NEW ORLEANS — The 5th Circuit Court of Appeals has affirmed the dismissal of a wrongful-termination lawsuit brought by a nurse who claimed she was fired for raising age-discrimination complaints.
Judges found that 5th Circuit precedent bars nurse supervisor Susan Vaughan's pain and suffering claims under the Age Discrimination in Employment Act against Anderson Regional Medical Center.
In an opinion filed Feb. 15, the panel pointed out that the district court at the Southern District of Mississippi wrote in its dismissal order that divergent views on recoveries under the ADEA are held by other circuit courts and the Equal Employment Opportunity Commission.
The district court, finding that there was "substantial ground for differences of opinion" on the availability of pain and suffering and punitive damages in ADEA retaliation cases, certified an appeal to the 5th Circuit, which granted leave to file an interlocutory appeal.
Fifth Circuit judges on the panel included James Graves Jr., Fortunato Benavides and Catharina Haynes.
The district court, in its analysis, relied on a case decided in 1977, Dean v. Am. Sec. Ins. Co.

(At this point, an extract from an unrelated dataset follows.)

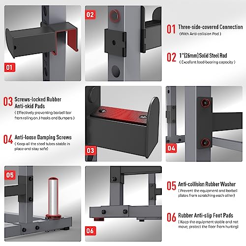 - 【 More Excellent Features 】- All the screws are damping screws, which are anti-loose and wear-resistant; With 4 anti-slip pads under the equipment, keep stable and protect the floor; With 2 barbell plate storage columns, the size is 50mm(2”), suitable for barbell plates with 50mm (2”) center hole.

However, the parties to the litigation disputed Dean's applicability, the appeals opinion stated.
Graves, who wrote the opinion for the panel, said that it adheres to a “rule of orderliness,” under which it “may not overturn a controlling precedent absent an intervening change in law, such as by a statutory amendment, or the Supreme Court,” or en banc court — which is the full court of judges.
"Indeed, even if a panel’s interpretation of the law appears flawed, the rule of orderliness prevents a subsequent panel from declaring it void,” Graves wrote.
Graves wrote that in order for the panel to determine if the rule of orderliness applies, it has to determine whether the precedent in Dean is “distinguishable” from this case or whether an intervening change in law justifies setting Dean aside.
“We conclude that the answer to both questions is ‘no,’” Graves wrote.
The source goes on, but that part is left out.